Shares of automotive aftermarket parts and accessories retailer Autozone (AZO 0.42%) are outracing the broader market so far this year. While the S&P 500 index has tacked on a respectable 11% in the first five months of 2019, Autozone stock has appreciated nearly 25%. 

During the company's fiscal third-quarter 2019 earnings conference call on May 21, CEO Bill Rhodes discussed both near-term success factors and challenges for the remainder of the fiscal year. Below, we'll walk through three quotes from Rhodes' commentary that highlight both opportunities and risks in the months ahead.

Assorted automotive parts on a white background.

Image source: Getty Images.

Sales begin with customer service

It's imperative to remember the high touch nature of this business and the vital role our highly knowledgeable AutoZoners [Autozone employees] play to help our customers maintain and enhance their vehicles.

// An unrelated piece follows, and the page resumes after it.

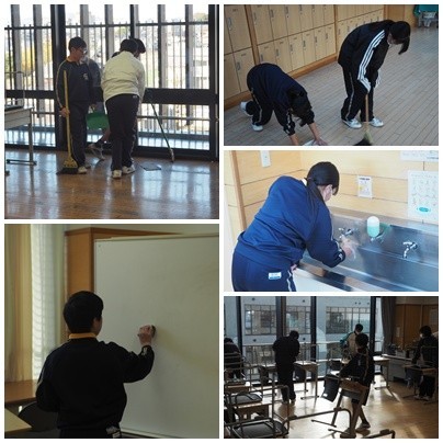 日々、使用する校舎がきれいに保たれ、心地よく学校生活が送れているのも、生徒の皆さんが一生懸命に清掃してくれるからです。本当にいつも時間いっぱい集中して黙々と清掃に取り組んでくれてありがとう。生徒の皆さんには感謝です。

As a physical store-based retailer with some 6,300 locations, Autozone understands the importance of engaged and knowledgeable customer-facing employees. Superior customer service engenders repeat business while helping to rebuff threats from direct competitors -- and also Amazon.com, which has recently ramped up efforts to gain aftermarket auto parts market share.

Rhodes tied the company's admirable comparable sales growth in the third quarter of nearly 4% to a recent wage adjustment last fall for the company's "most tenured" employees, to ensure that Autozone's compensation was competitive within its market. 

In addition, Rhodes observed that management is focused on increasing the engagement of store teams with customers. This manifests in a directive that has even store managers and district managers making customer service calls, which, Rhodes notes, are also in effect sales calls. 

In essence, in the auto parts and accessories business, healthy sales rely on personalized customer engagement, and Autozone is marshaling resources to ensure that knowledgeable employees maintain close and frequent interactions with retail and commercial customers.

A strategy for dealing with escalating tariffs

Over the course of the last year or so, there has been significant focus on tariffs and inflation. After months of being in a steady state, the United States increased tariffs with China recently. When the first tariffs went active in September, [we were] able to negotiate many of the increases away due to the change in the Chinese currency. As the additional tariffs were just added, it is too early for us to know the implications.

While it may be too early for Autozone to assess the implications of rising tariffs as a consequence of the U.S./China trade dispute, Rhodes made clear during the call that Autozone intends to pass on the impact of rising costs to customers. 

Rhodes explained that Autozone's retail parts prices have increased at mid-single-digit levels over a period of years, due to factors such as better technology or improved components (which make parts last longer).

The company's actual cost inflation, however, has been more muted. New products are initially made in low quantities. With consumer uptake, production scales at greater efficiency, easing the pressure on costs. This bears on both brand-name parts and private-label parts Autozone contracts from manufacturers.

Thus, when you take into account historical retail price inflation for customers and subdued cost inflation on Autozone's books, the inference is that Autozone's total price increases to customers have been within acceptable bounds over the years, and that it has some room to initiate tariff-based price increases.

The company will, of course, have more data in hand over the next couple of quarters, but for now, management appears confident that customers won't react with sticker shock at an initial round of pass-through price escalation.

Network expansion will pave the way for more retail and commercial growth

When we originally launched our mega hub initiative, we said we felt we could open 25 to 40 mega hubs domestically, and as we've said every time we have discussed their performance, they have outperformed our expectations. Today, as a result, we are expanding our expectations for long-term mega hubs to 70 to 90 in the United States.

Along with customer engagement, inventory availability and speed of delivery are pillars of the automotive parts business. Commercial customers especially prize the ability of a parts vendor to place and deliver parts within hours. 

To this point, Autozone has invested aggressively in network expansion to provide a wider variety of inventory to stores. The company now has 174 hub stores as inventory distribution points, as well as 28 "mega hubs." Autozone has opened 8 new hubs this year and plans to open at least 3 more mega hubs before year-end.

By more than doubling the expected number of mega hubs it can open over the long term, Autozone is projecting that it can grab a much larger share of the automotive parts market than the 3% it currently claims. In addition, a more robust network of mega hubs reveals the organization's ambitions to grow its commercial business. Currently, approximately 85% of Autozone's U.S. stores have a commercial program catering to mechanic and repair shops, and this group could benefit from even greater parts variety. 

Finally, beefing up its distribution network helps Autozone protect its business from the looming threat of Amazon by sharpening its delivery edge to commercial customers. In the parts business, swift delivery of items to mechanics is almost as important, and sometimes more important, than price.